What the task asks
For the material below, reproduce exactly each line from the one that has "2548/4324Glostrup1807. Napoleonskrigen. Tjenestebrev" through the one that has "Вырезаем каждую деталь, мы", and no others; pictures stay out.

Recorded information
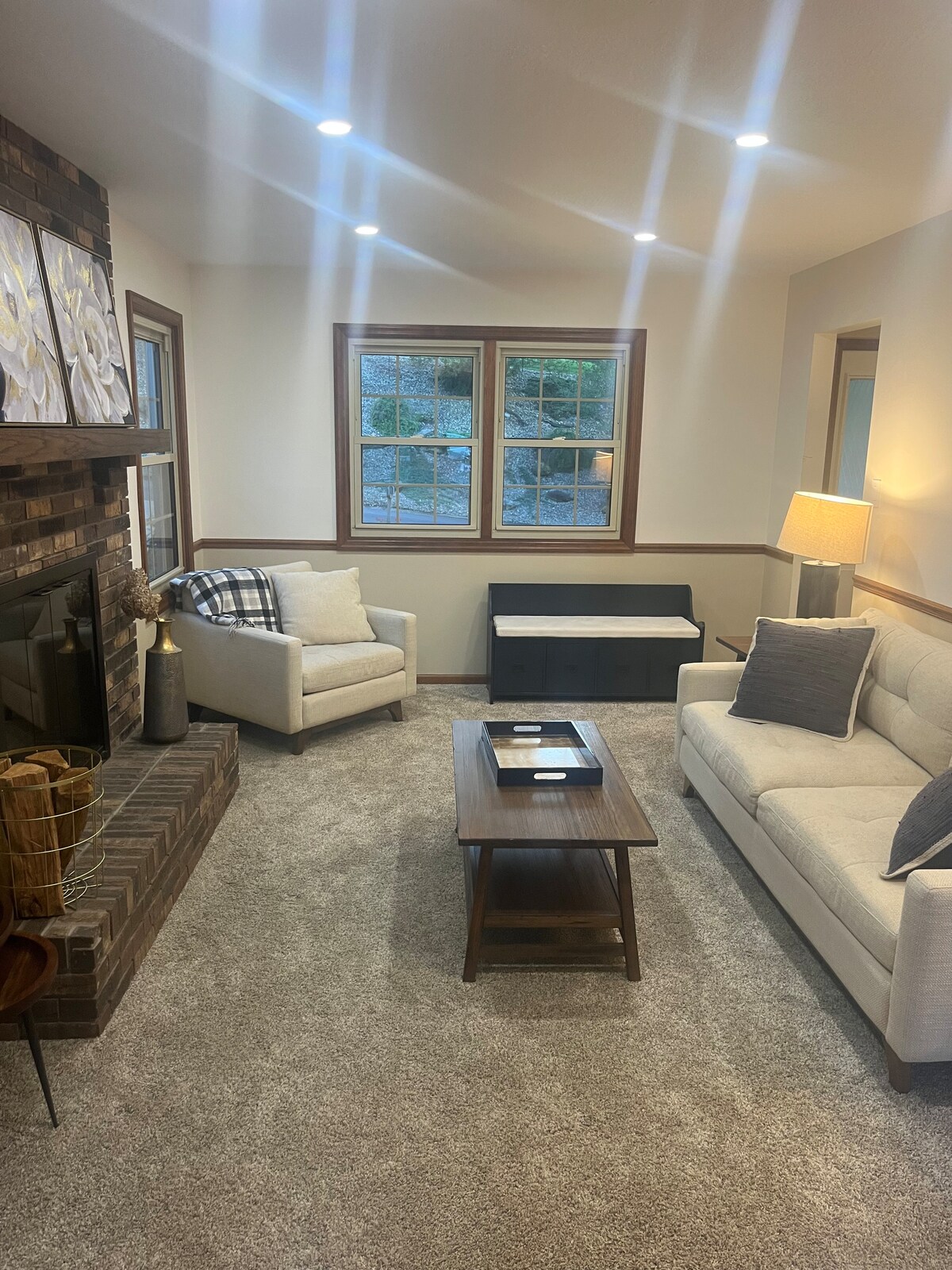 Tómate un descanso y relájate en esta tranquila casa rural de 7 hectáreas. Esta escapada de 2 dormitorios acaba de ser completamente remodelada. Da paseos por el prado o por el encantador bosque. Relájate en el gran columpio con tu libro favorito. Disfruta de los smores en la gran chimenea (leña incluida). O disfruta de la amplia sala de estar y transmite tus programas favoritos en el televisor de 72". Ambos dormitorios también tienen TV. Prepara tus propias comidas en nuestra cocina bien surtida y disfruta de tu comida dentro o fuera en la mesa de picnic o cafetería.
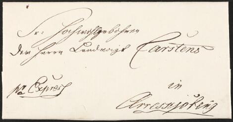 2548/4324Glostrup1807. Napoleonskrigen. Tjenestebrev dateret Soeby d. 26.11.1807 sendt til Ærøskjøbing. Påskrevet "Pr. Express". Fuldt indhold. Sjælden.
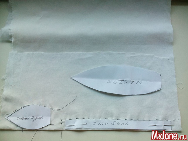 Вырезаем каждую деталь, мы их повторим в трех экземплярах, сделаем три цветка. Стебель и листочки будут – зеленого цвета, а бутоны можно разнообразить разными кусочками ткани.
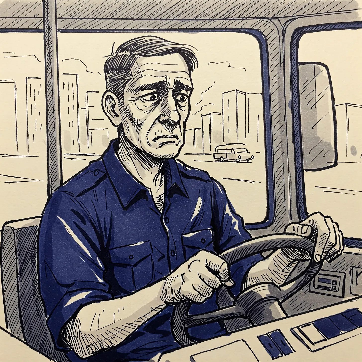 [The rest of his shift passed in a blur of stops and starts, passengers boarding and departing, none leaving an impression. By the time he returned to the depot, doubt had begun its corrosive work. Had there really been a gun? Had the threat been real or imagined?]

Finished task
 2548/4324Glostrup1807. Napoleonskrigen. Tjenestebrev dateret Soeby d. 26.11.1807 sendt til Ærøskjøbing. Påskrevet "Pr. Express". Fuldt indhold. Sjælden.
 Вырезаем каждую деталь, мы их повторим в трех экземплярах, сделаем три цветка. Стебель и листочки будут – зеленого цвета, а бутоны можно разнообразить разными кусочками ткани.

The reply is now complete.